2 Random Walk Model: Heuristic Treatment

The evolution of the state vector of a quantum system can be modeled by a series of random collapses to one of its instantaneous eigenstates at the moments t₁, t₂, …, and unitary evolutions under the Hamiltonian $\widehat{H}(t)$ between these moments. In the limit of infinitesimally small time intervals between subsequent collapses, this picture leads to the Quantum State Diffusion approach (QSD). Averaging over individual QSD trajectories reproduces the standard quantum master equation for the density matrix and provides an efficient basis for numerical calculation [23].

For our purpose it is essential to keep the decoherence time as an explicit parameter. Therefore, the model we use is a random walk in the Hilbert space of the system, with the step (Fubini-Study) lengths Δs_j dependent on Δt.
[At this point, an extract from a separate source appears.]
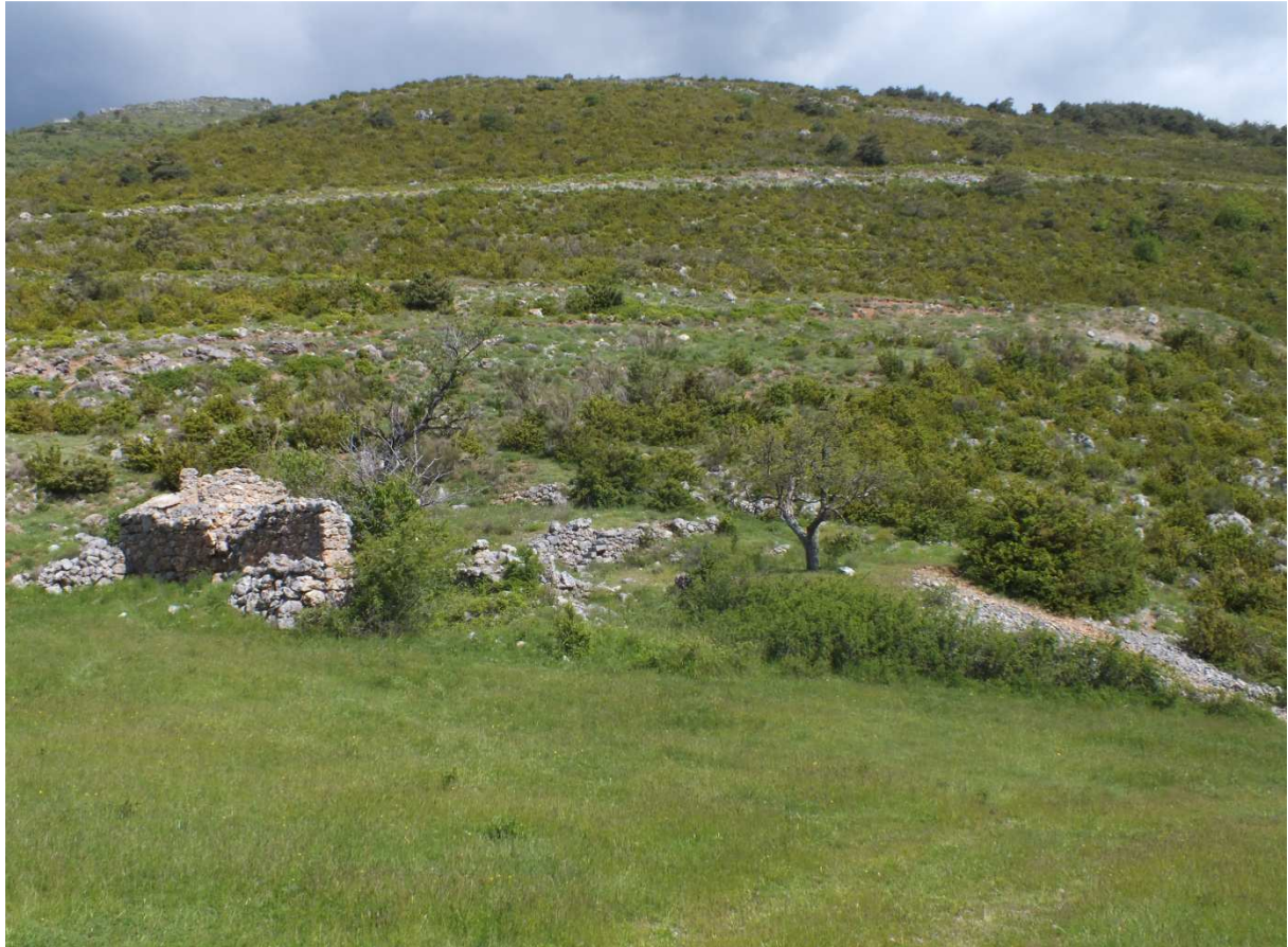
Fig. 4. Fontan, Campei, juin 2013, habitat de Lasioglossum duckei duckei.

For small time intervals of unitary evolution $|\varphi \rangle =e^{-i\widehat{H}\mathrm{\Delta }t}|\psi \rangle$, the distance s (ϕ, ψ) is given by (see Supplementary Appendix SA).

$s\approx \frac{\mathrm{\Delta }t}{\hslash }{\sigma }_{\widehat{H}}(\psi ).(4)$

Here, ${\sigma }_{\widehat{H}}^2(\psi )\equiv {⟨{\widehat{H}}^2⟩}_{\psi }-{⟨\widehat{H}⟩}_{\psi }^2$ is the energy dispersion during the unitary evolution, where ⟨⋅⟩_ψ is the expectation value for a quantum state |ψ⟩, i.e., ⟨⋅⟩_ψ ≡⟨ψ|⋅|ψ⟩. This expression is intuitively plausible: energy and time are the only parameters in the problem, and in case of zero energy variance the system would be in an eigenstate of the Hamiltonian and remain in it, barring degeneracies. The energy variance is made possible by the interaction with the environment, which is implicit in the assumption of random collapses of the quantum state of the system.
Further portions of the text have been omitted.